[[ RECORDED DATA open ]]
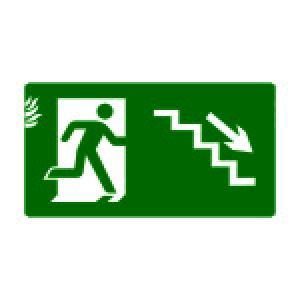 Placa de sinalização fotoluminescente indicativa de rota de fuga adiante em pvc expandido, com dimensões: 30 CM X 15 CM
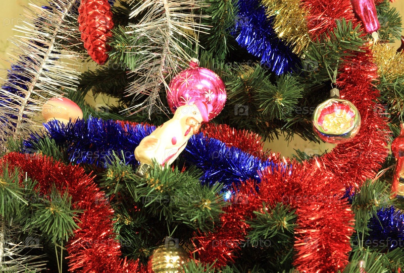 Игрушки на зеленой рождественской ели
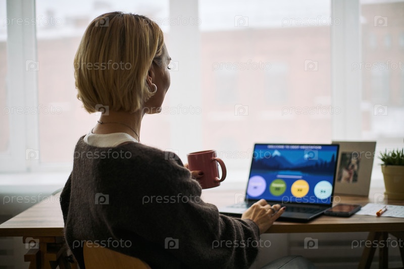 Кавказская женщина среднего возраста, использующая ноутбук для анализа данных о здоровье
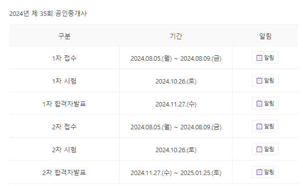 1차, 2차 접수 2024.08.05(월) ~ 2024.08.09(금)
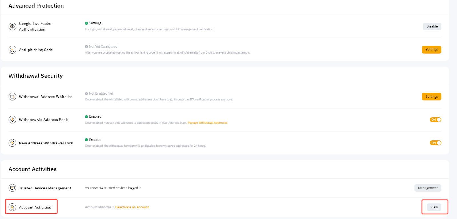 如果您发现或怀疑您的账户有被骇客入侵的风险,建议您从账户安全页面或通过新提现地址或新设备登录通知邮件中的链接停用您的账户。
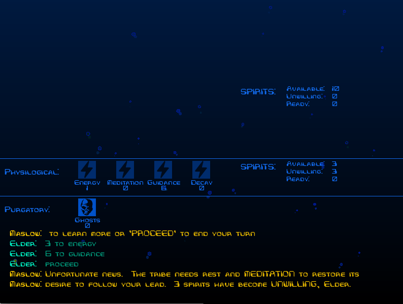 My game is called Elders of Ethos. You are an Elder of a tribe playing against other tribes, guiding your spirits to the heavens. I had 8 planes in mind, but I'm now going to focus on making it playable with only 3. Let's see what happens! :D
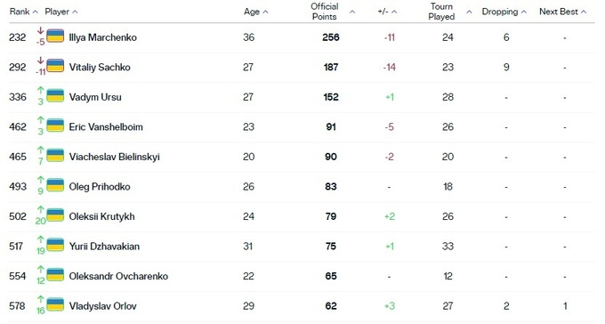 Десять лучших украинцев в рейтинге ATP
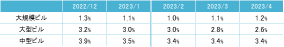 ※大規模ビル:1フロア面積200坪以上、大型ビル:同100坪以上200坪未満、中型ビル:同50坪以上100坪未満
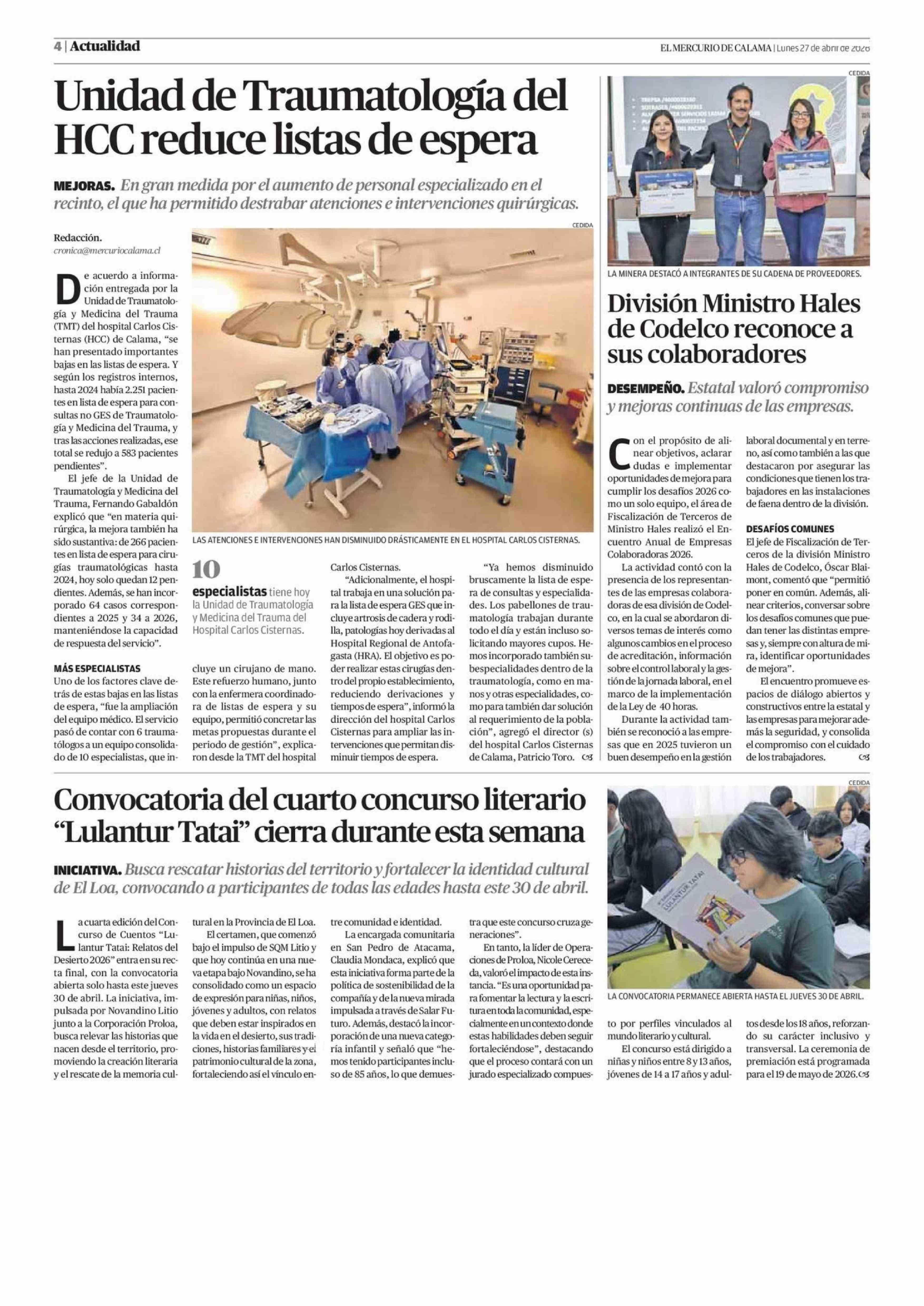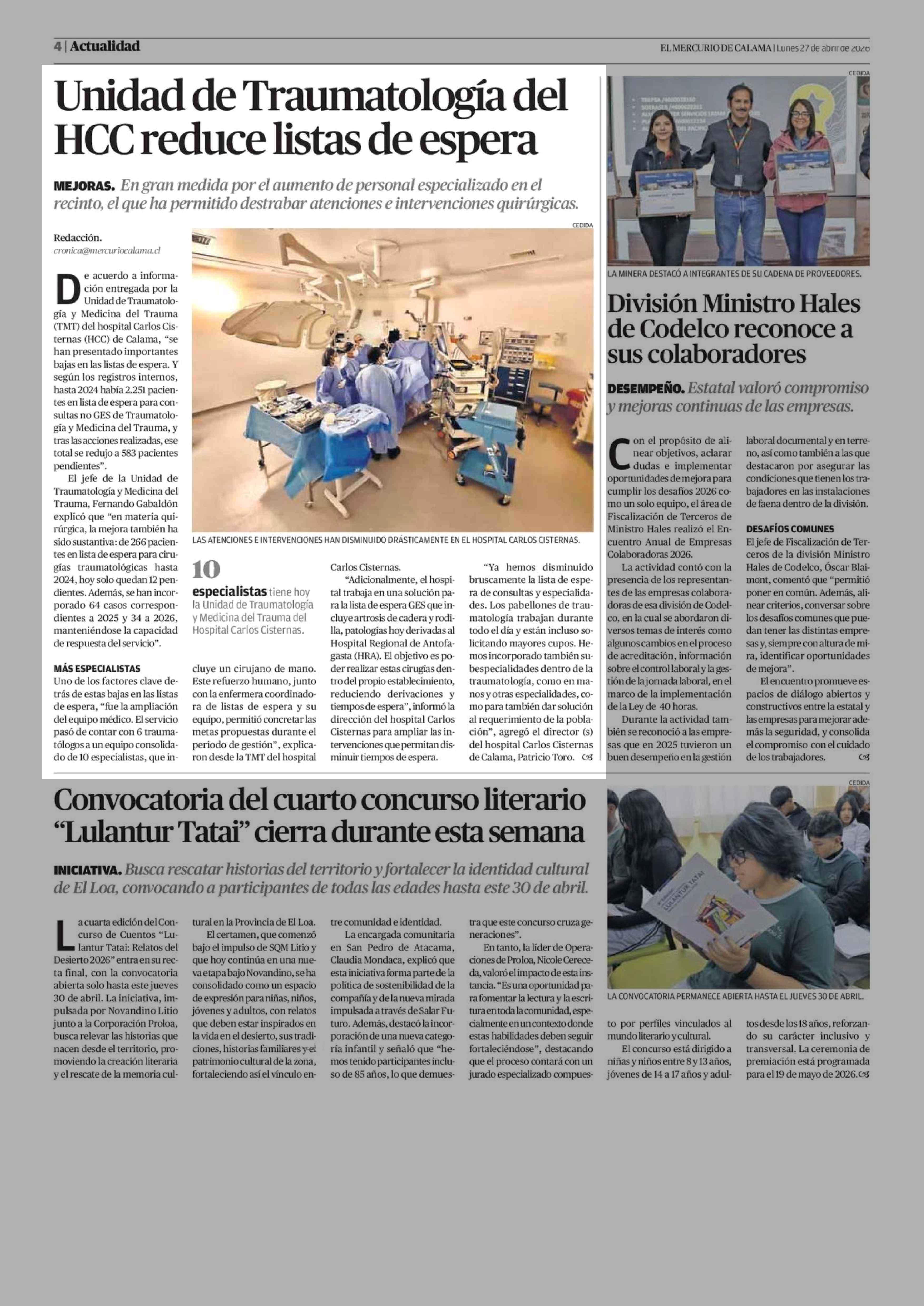 Unidad de Traumatología del HCC reduce listas de espera 27-04-2026 El Mercurio de Calama |
[[ RECORDED DATA closed ]]
TASK TO CARRY OUT> Copy all of the entries verbatim, leaving out any pictures they contain.

ANSWER AREA>
 Placa de sinalização fotoluminescente indicativa de rota de fuga adiante em pvc expandido, com dimensões: 30 CM X 15 CM
 Игрушки на зеленой рождественской ели
 Кавказская женщина среднего возраста, использующая ноутбук для анализа данных о здоровье
 1차, 2차 접수 2024.08.05(월) ~ 2024.08.09(금)
 如果您发现或怀疑您的账户有被骇客入侵的风险,建议您从账户安全页面或通过新提现地址或新设备登录通知邮件中的链接停用您的账户。
 My game is called Elders of Ethos. You are an Elder of a tribe playing against other tribes, guiding your spirits to the heavens. I had 8 planes in mind, but I'm now going to focus on making it playable with only 3. Let's see what happens! :D
 Десять лучших украинцев в рейтинге ATP
 ※大規模ビル:1フロア面積200坪以上、大型ビル:同100坪以上200坪未満、中型ビル:同50坪以上100坪未満
 Unidad de Traumatología del HCC reduce listas de espera 27-04-2026 El Mercurio de Calama |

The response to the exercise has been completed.